Update, 5/18: “Though ostensibly about identity and the pains of growing up, this is above all a film about the oppressive boredom of suburban teenagedom,” writes Adam Woodward at Little White Lies. “Marieme is a prisoner without parole, stuck between an unsympathetic brother, the boy she has eyes for and her goading peers, for whom she takes on a rival gang member in a brutal car-park cat fight from which she emerges victorious, thus galvanizing seemingly most of the young black girls in her home town. When she notices her younger sister following suit, however, old Marieme snaps back into focus. If Marieme’s transition from butter-wouldn’t-melt virgin to knife-wielding slut is unconvincing, and her consequent redemption feels even more forced and unconvincing.”
Update, 5/19: “Importantly, Sciamma, who in 2007 made an equally charming girls-growing-up movie called Water Lilies, has a wonderful sense of watchfulness, as both a filmmaker and a storyteller,” writes Wesley Morris at Grantland. “There’s a really good tracking shot in which more than a dozen players in a girls football league enjoy a rowdy postgame stroll home that ends when they reach the entrance of their housing complex. The noise all but dies, and almost every girl walks to the entryway with her head cast down, until they’ve all fallen away, leaving only Vic. The film is built out of inspired touches like that…. But the rhythms and themes are like an old acquaintance you put up with because you need someone to talk to.”

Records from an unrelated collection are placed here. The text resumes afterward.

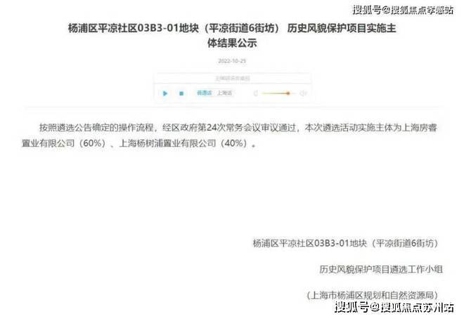 上海杨浦瑞安·翠湖滨江售楼处电话☎:400-8123-664(预约看房热线)2022年10月25日,杨浦区人民政府官网发布公告,杨浦区平凉社区03B3-01地块(平凉街道6街坊)历史风貌保护项目实施主体结果公示:“本次遴选活动实施主体为上海房睿职业有限公司(60%)、上海杨树浦置业有限公司(40%)。”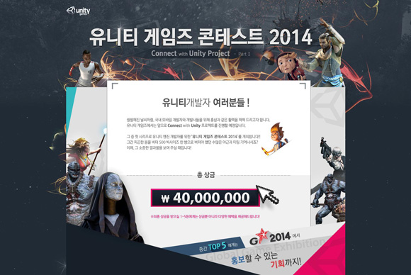 ...com/unitygamescontest2014)을 통해, 10월 22일부터 11월 17일(1차 제출)까지 게임 플레이 영상과 소개 문서를 제출하면 된다. 1,2위 수상작은 각각 3천만원과 1천만원 상당의 개발 지원비가 지원되며 5위까지의 수상작에 한해 웹사이트 홍보, 에셋 스토어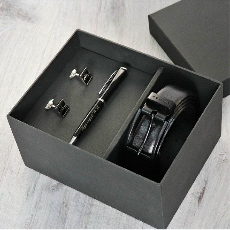 Характеристики > Запонки: > Материал: ювелирная сталь > Цвет: серебро, вставка мокрый асфальт > Размер: 16х16мм > Ручка Pierre Cardin: > Ручка: шариковая > Корпус и колпачок: латунь с лакированным покрытием > Цвет деталей дизайна: серебристый > Цвет ручки: черный > Метод гравировки: алмазная гравировка > Ремень Cross: > Цвет: черный > Материал: натуральная кожа наппа гладкая > Ширина: 3 см > Длина: до 126 см > Вес: 310гр > Упаковка: подарочная упаковка Примечания * Уважаемый клиент! На всех подарках, представленных на сайте, мы сделаем индивидуальную гравировку по вашему заказу. В качестве примера мы показали на фото, как это может быть. Вы всегда можете сами создать свой особенный дизайн, подробно описав в окошке выше текст, свое видение расположения текста и пожелания по шрифту (например, хочу строгий печатный или наоборот прописной с вензелем).После того как вы оформите заказ с вами обязательно будет связываться менеджер для уточнения деталей и ваших пожеланий, вы еще раз все проговорите. По вашему заданию наш дизайнер изготовит макет гравировки. Но эта работа занимает время, иногда целый день, поэтому просим не волноваться, а довериться нам. Макет обязательно будет готов, но без вашего утверждения мы не приступим к исполнению. Просим при утверждении макета проверять правильность написания текста и фамилии. Допускается до 2х корректировок макета, поэтому просим задание писать четко и подробно. Также заказ возможно оформить через WhatsApp мессенджер, направив всю необходимую информацию и пожелания по одному из указанных номеров. Стоимость гравировки на двух предметах на ваш выбор включена в стоимость, и не зависит от количества символов. Каждая дополнительная гравировка стоит 350 рублей. Разработка рисунков и логотипов оплачивается отдельно, стоимость зависит от сложности. ** Нанесение текста выполняется методом лазерной и алмазной гравировок. Во время гравировки удаляется тонкий верхний слой покрытия, благодаря чему появляется надпись, которая не стирается и не тускнеет со временем. Если у Вас остались вопросы о данном товаре, или возникли проблемы при оформлении заказа, Вы всегда можете позвонить нам по телефону +7 495 120 70 45, и наши менеджеры с удовольствием ответят на все вопросы, а также помогут оформить заказ, или примут заказ по телефону.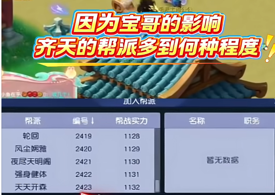 要说畅玩服里最火的服务器,齐天大圣绝对当之无愧。为啥?看看宝哥的影响力就知道了!自从宝哥入驻这个区,人气直接爆棚,不仅玩家数量猛增,就连帮派都多到离谱——目前全区竟然有2423个帮派!要知道,这可不是什么鬼区,而是实打实的火爆大区。帮派数量突破两千大关,足以说明玩家的热情有多高。每天都有新帮派成立,每天都有玩家涌入,齐天大圣的热度,依旧在持续飙升!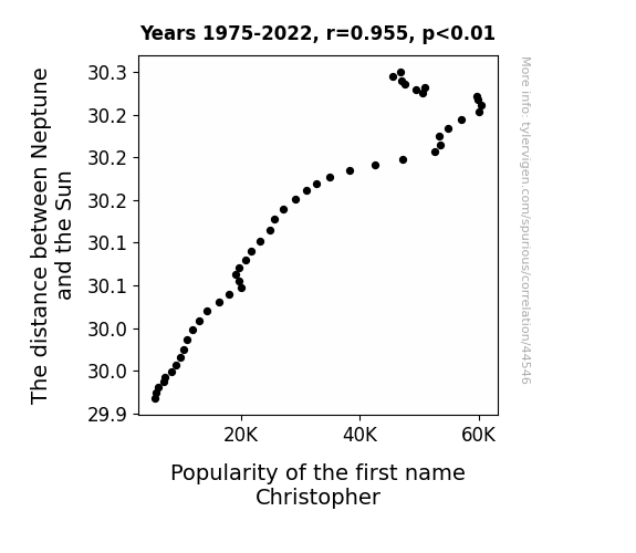This means 91.2% of the change in the one variable (i.e., Popularity of the first name Christopher) is predictable based on the change in the other (i.e., The distance between Neptune and the Sun) over the 48 years from 1975 through 2022.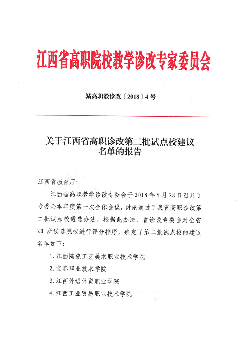 赣高职教诊改【2018】4号关于确定江西省高职诊改第二批试点校名单的报告 来源: 发布时间:2018-09-09 16:35:50 浏览次数: 次 【字体:小 大】 终审:质量办 分享到: 【打印正文】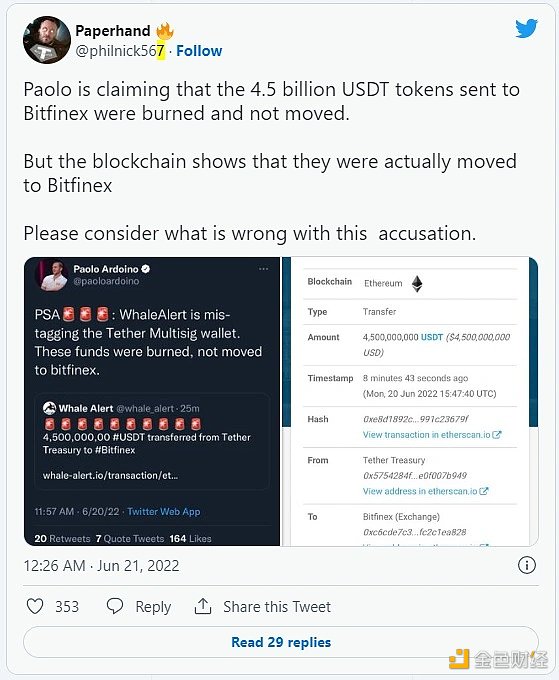 一位 Tether 发言人称在 6 月 22 日的前 24 小时里,Tether 稳定币交易量高达 480 亿美元,而 USDC 交易量只有约 50 亿美元,从这个角度来看,Tether 的实用性更强,尽管市值出现下降,但其实恰恰证明了 Tether 储备近性完全能够满足流动性赎回需求。该发言人还表示,Tether 并不想迎合传统的银行业,而是想专注成为一种用于 P2P 交易、汇款、和对冲通胀的自由化工具,这就是为什么在过去几周 Tether 市值受现金赎回影响而有所下降的原因。总体来看,即便 USDT 市值出现下跌,但 24 小时交易量仍比 USDC 高出了 9 倍多。

Updates, 5/21: “Whether using her newfound switchblade for revenge (not what you’d think) or discovering her budding sexuality, Touré reveals herself to be a terrific, naturalistic talent (as are her three costars),” writes Aaron Hillis for Filmmaker, “and Sciamma’s sharp, graceful compositions could’ve had the film renamed Blue Is the Warmest Color for its distinctive palette alone.”
Sciamma “depicts social realism with a formally interesting edge,” writes Ben Croll at Twitch. “She knows that an expressive camera and an agile soundtrack are not the enemies of deeper truth (after a week of handheld cameras and natural soundscapes, for which I am deeply grateful). She’s smart enough to know that no transformation, no social reconfiguration will ever solve Marieme/Vic’s problems. But she’s generous enough to leave us with a powerful last shot, assuring us that whatever complications arise, Marieme has the strength to push forward and push through.”